Why This Approach? (Not Traditional RAG)
Limitations of Traditional RAG
Traditional RAG (Retrieval-Augmented Generation) has fundamental limitations for regulatory document analysis:
-
Chunks lose context - Splitting circulars destroys relationships between sections. A reference on page 5 to "Annexure B on page 23" becomes meaningless when chunked.
-
Cross-references are invisible - "See Exhibit B" or "as mentioned in Section 3.2" mean nothing to embeddings since the context is fragmented.
-
Similarity ≠ Relevance - Semantic matching finds similar text, not logical connections. Two sections might be semantically similar but reference completely different regulations.
-
Table structure is lost - RAG chunking breaks tables apart, making it impossible to extract tabular references accurately.
My Solution: Dual-Track Agentic Extraction
Inspired by agentic-file-search and LLM council , I use:
Track A (Global Context):
- Analyzes the entire document without chunking
- Leverages Gemini's large context window (up to 1M tokens)
- Understands cross-page relationships and document structure
- Similar to having an expert read the full circular once
Track B (Agentic Exploration):
- Uses fs-explorer framework with 6 specialized tools
- Agent iteratively explores:
scan_folder→parse_file→grep→read - Follows cross-references dynamically (e.g., "see page 23" → agent reads page 23)
- Focuses on tables, footnotes, and annexures that Track A might miss
Consensus Stage (LLM Council):
- Merges both perspectives using AI consensus
- Deduplicates and resolves conflicts
- Assigns confidence based on agreement (both tracks found = high confidence)
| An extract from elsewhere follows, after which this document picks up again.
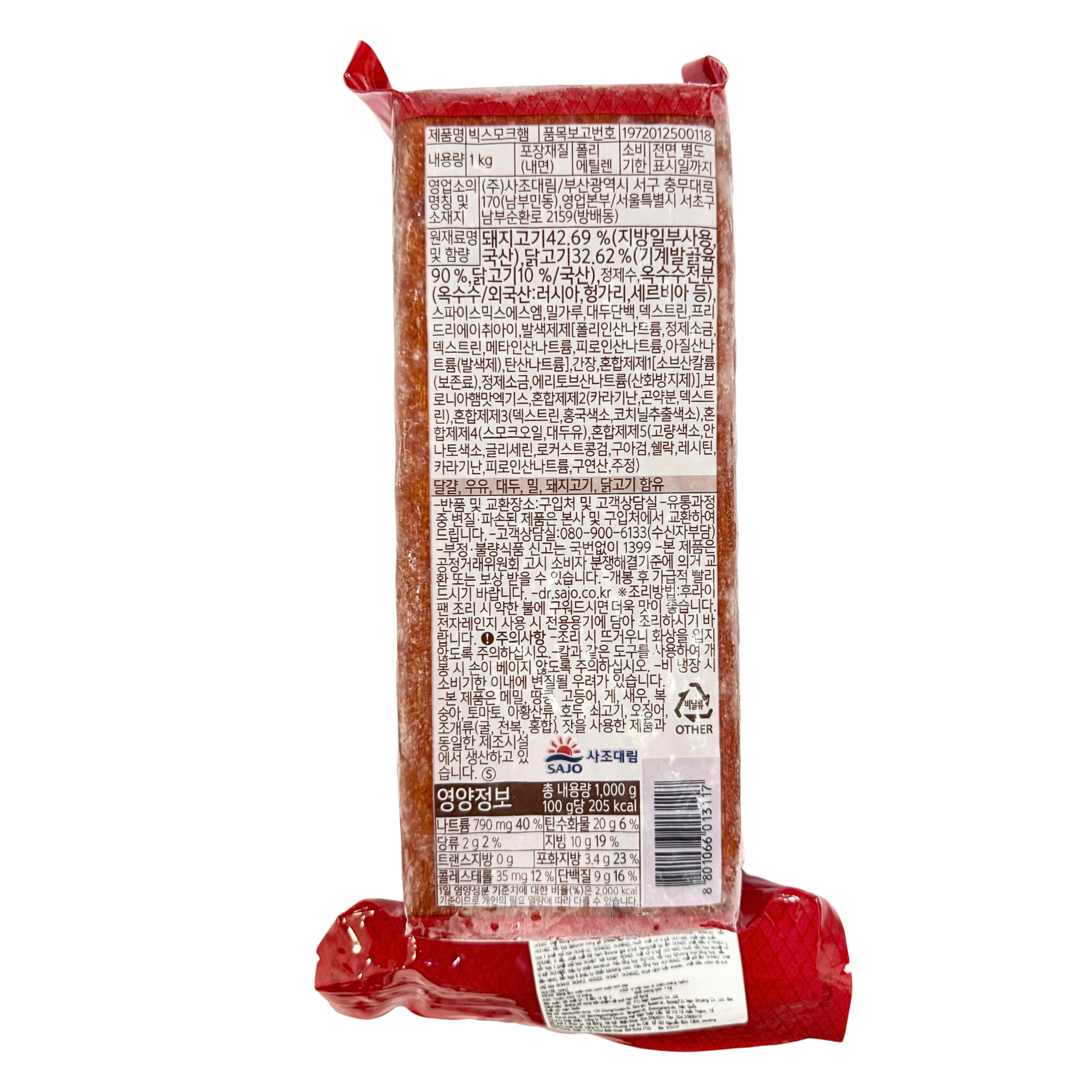 Thành phần: Thịt heo 42.69%, thịt gà 32.82%, nước, tinh bột ngô, muối tổng hợp (chất bảo quản INS202, chất chống oxy hóa INS316), chất điều vị INS621, bột mỳ, protein đậu tương, chất xử lý bột INS1400, hỗn hợp (albumin trứng gà, protein đậu tương, chất nhũ hóa INS469, INS407, INS410), hỗn hợp 2 [chất nhũ hóa INS451(i), INS452(i), INS450(i)], muối, chất xử lý bột INS1400, chất bảo quản INS249), xì dầu, chiết xuất thịt ham Boronia [gia vị thịt ham (chất tạo ẩm INS422, chất điều vị INS621), hỗn hợp 3 (chất nhũ hóa INS407, bột kojac INS425, chất xử lý bột INS1400), muối, hỗn hợp 4 (chất xử lý bột INS1400, màu tự nhiên Monacuo, màu tổng hợp INS124), hỗn hợp 5 (hương khói tổng hợp, dầu đậu nành), hỗn hợp 6 (màu tự nhiên kaoliang color, màu tổng hợp INS160b(i), chất giữ ẩm INS422, chất nhũ hóa INS410, INS412, INS322i, INS407, INS450(i), nhựa cánh kiến shellac, chất điều chỉnh độ axit INS170i, rượu].

- Similar to expert panel reviewing findings
Why It Works Better
| Aspect | Traditional RAG | My Agentic Approach |
|---|---|---|
| Context preservation | ❌ Lost in chunking | ✅ Full document analysis |
| Cross-references | ❌ Invisible | ✅ Agent follows them |
| Table handling | ❌ Structure destroyed | ✅ Parsed intact |
| Iterative search | ❌ Static retrieval | ✅ Dynamic exploration |
| Confidence scoring | ❌ Single source | ✅ Dual-track validation |
Example Execution
Here's a real extraction run on a 7-page SEBI circular using gemini-2.5-flash:
View the complete example output: output/1767957683485
(.venv) PS C:\Users\shory\Desktop\relatio> python main.py .\samples\1767957683485.pdf
======================================================================
RELATIO: MAPPING THE DNA OF REGULATORY EVOLUTION
======================================================================
SOURCE PDF: 1767957683485.pdf
OUTPUT DIR: output\1767957683485
[1/4] PDF Conversion (Gemini)...
2026-01-21 18:48:01,605 - google_genai.models - INFO - AFC is enabled with max remote calls: 10.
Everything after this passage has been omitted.